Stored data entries
= Beginning of Section =

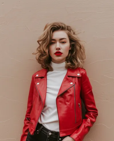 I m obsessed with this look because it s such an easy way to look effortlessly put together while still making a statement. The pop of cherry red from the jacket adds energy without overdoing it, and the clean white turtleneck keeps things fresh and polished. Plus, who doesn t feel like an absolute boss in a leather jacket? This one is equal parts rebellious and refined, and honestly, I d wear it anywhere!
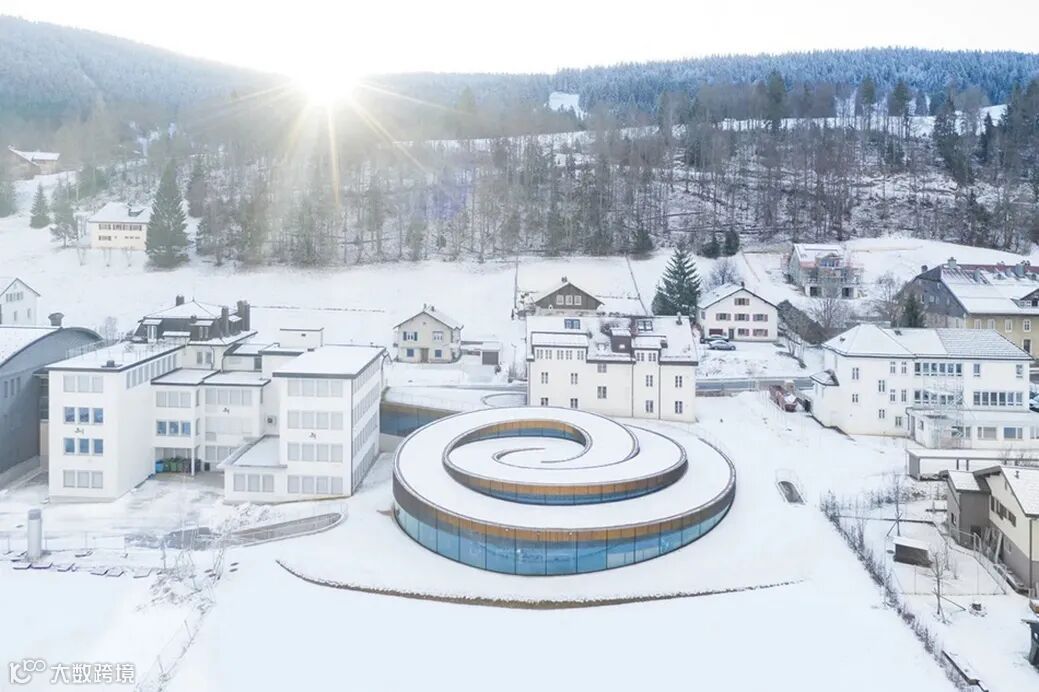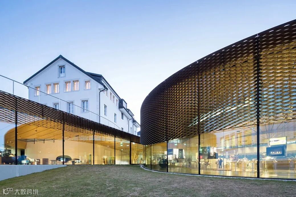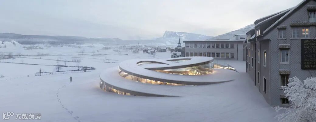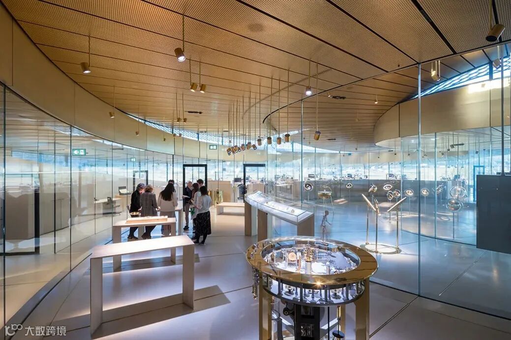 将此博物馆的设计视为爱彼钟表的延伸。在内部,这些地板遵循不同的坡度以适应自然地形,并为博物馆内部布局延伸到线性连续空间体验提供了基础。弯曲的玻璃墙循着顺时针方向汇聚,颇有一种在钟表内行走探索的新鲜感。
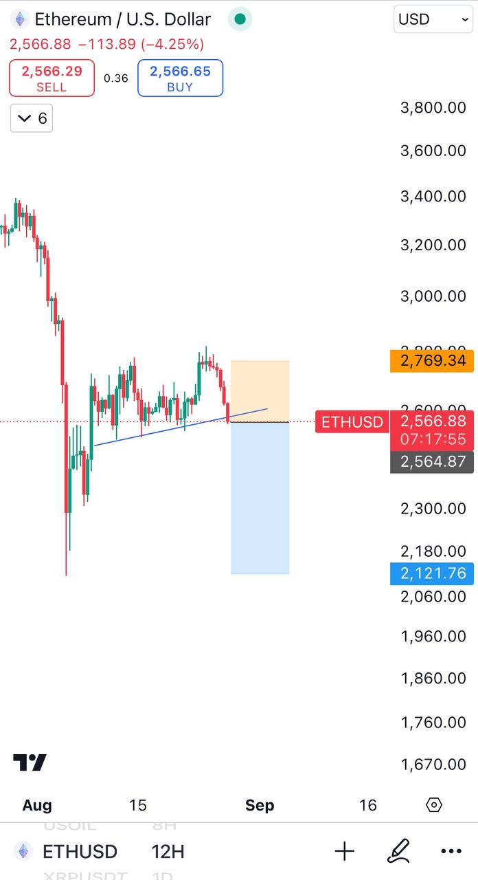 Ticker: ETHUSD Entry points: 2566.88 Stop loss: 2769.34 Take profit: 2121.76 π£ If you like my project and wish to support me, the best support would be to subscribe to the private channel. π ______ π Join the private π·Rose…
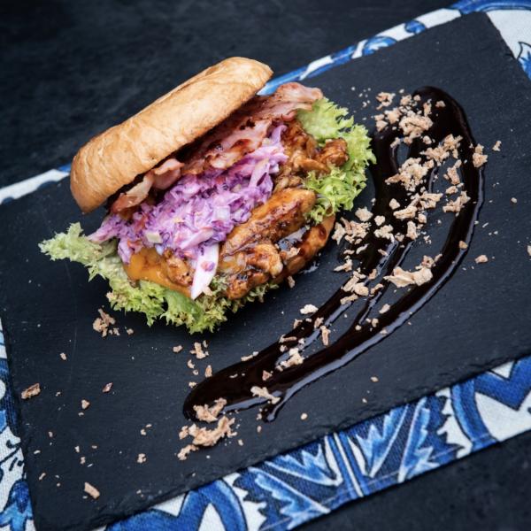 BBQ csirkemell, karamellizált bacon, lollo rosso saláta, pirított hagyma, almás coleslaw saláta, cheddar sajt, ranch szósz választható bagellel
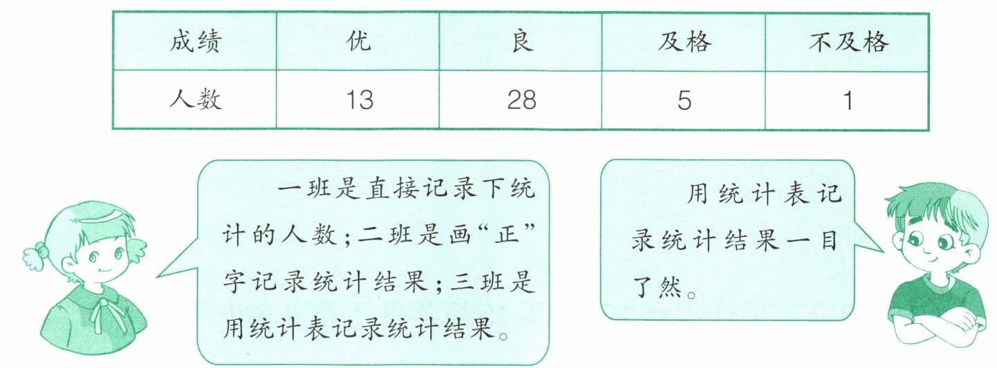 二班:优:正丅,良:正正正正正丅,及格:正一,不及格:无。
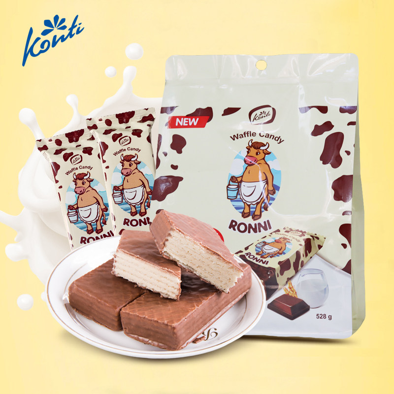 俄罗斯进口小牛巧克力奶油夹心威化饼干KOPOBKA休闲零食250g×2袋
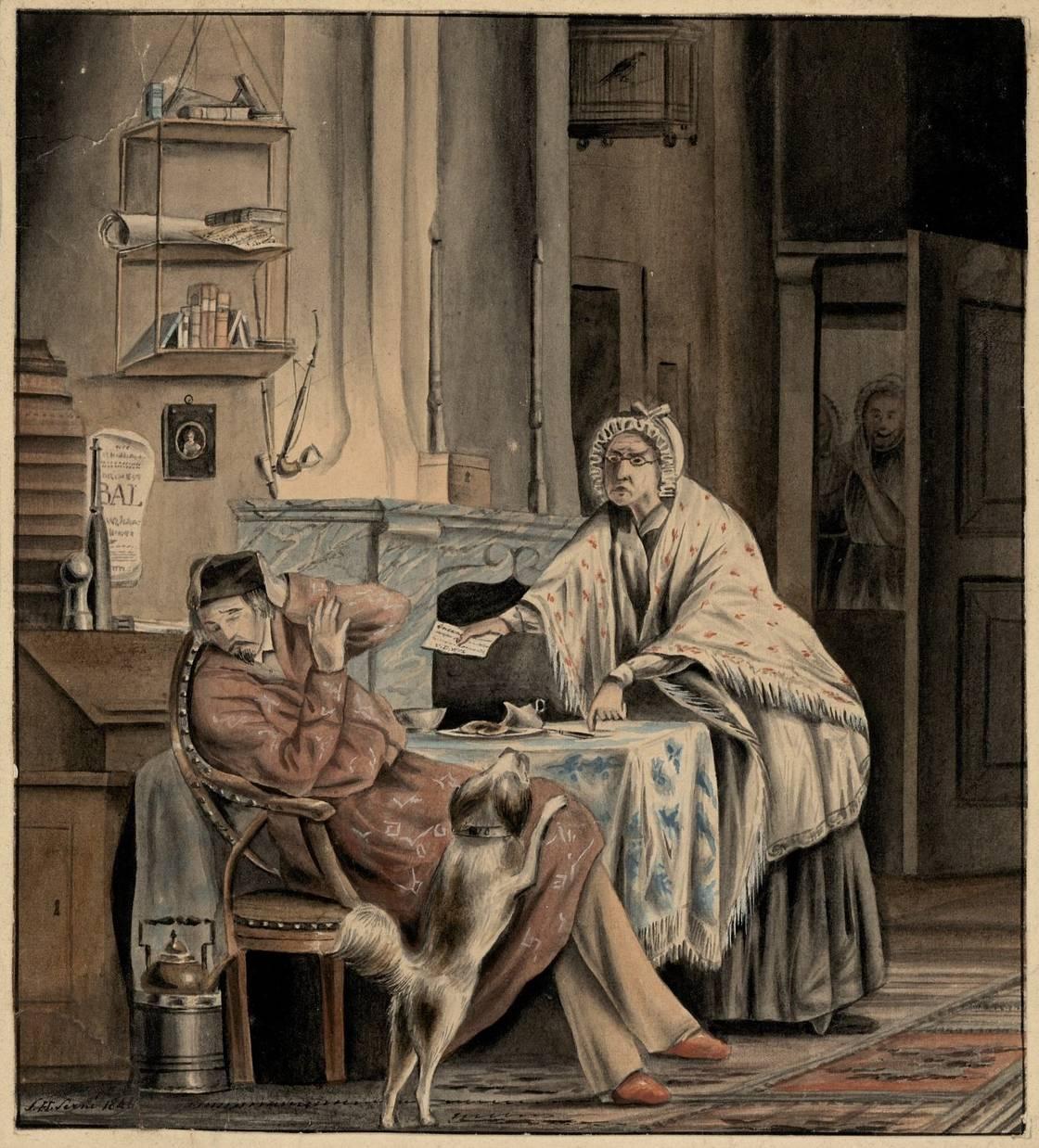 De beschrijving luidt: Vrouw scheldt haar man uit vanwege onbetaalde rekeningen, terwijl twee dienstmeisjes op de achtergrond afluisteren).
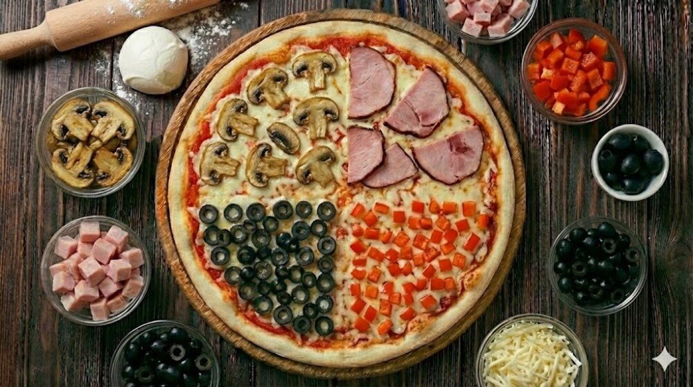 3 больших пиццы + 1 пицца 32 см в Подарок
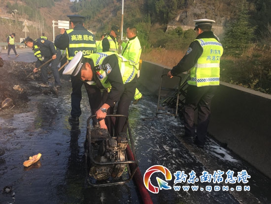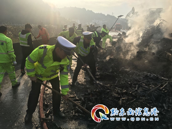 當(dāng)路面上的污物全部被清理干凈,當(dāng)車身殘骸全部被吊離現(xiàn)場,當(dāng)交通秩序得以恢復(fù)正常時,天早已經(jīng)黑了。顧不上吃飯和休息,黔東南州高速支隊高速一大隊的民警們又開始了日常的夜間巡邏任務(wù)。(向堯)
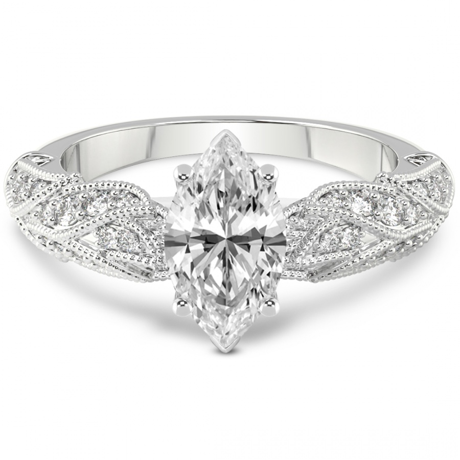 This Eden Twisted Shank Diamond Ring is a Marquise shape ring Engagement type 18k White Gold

= End of Section =

▶ [THE PROBLEM] What is needed is an exact repeat of the records, with every picture left out.

▶ [EXERCISE RESPONSE]
 I m obsessed with this look because it s such an easy way to look effortlessly put together while still making a statement. The pop of cherry red from the jacket adds energy without overdoing it, and the clean white turtleneck keeps things fresh and polished. Plus, who doesn t feel like an absolute boss in a leather jacket? This one is equal parts rebellious and refined, and honestly, I d wear it anywhere!
 将此博物馆的设计视为爱彼钟表的延伸。在内部,这些地板遵循不同的坡度以适应自然地形,并为博物馆内部布局延伸到线性连续空间体验提供了基础。弯曲的玻璃墙循着顺时针方向汇聚,颇有一种在钟表内行走探索的新鲜感。
 Ticker: ETHUSD Entry points: 2566.88 Stop loss: 2769.34 Take profit: 2121.76 π£ If you like my project and wish to support me, the best support would be to subscribe to the private channel. π ______ π Join the private π·Rose…
 BBQ csirkemell, karamellizált bacon, lollo rosso saláta, pirított hagyma, almás coleslaw saláta, cheddar sajt, ranch szósz választható bagellel
 二班:优:正丅,良:正正正正正丅,及格:正一,不及格:无。
 俄罗斯进口小牛巧克力奶油夹心威化饼干KOPOBKA休闲零食250g×2袋
 De beschrijving luidt: Vrouw scheldt haar man uit vanwege onbetaalde rekeningen, terwijl twee dienstmeisjes op de achtergrond afluisteren).
 3 больших пиццы + 1 пицца 32 см в Подарок
 當(dāng)路面上的污物全部被清理干凈,當(dāng)車身殘骸全部被吊離現(xiàn)場,當(dāng)交通秩序得以恢復(fù)正常時,天早已經(jīng)黑了。顧不上吃飯和休息,黔東南州高速支隊高速一大隊的民警們又開始了日常的夜間巡邏任務(wù)。(向堯)
 This Eden Twisted Shank Diamond Ring is a Marquise shape ring Engagement type 18k White Gold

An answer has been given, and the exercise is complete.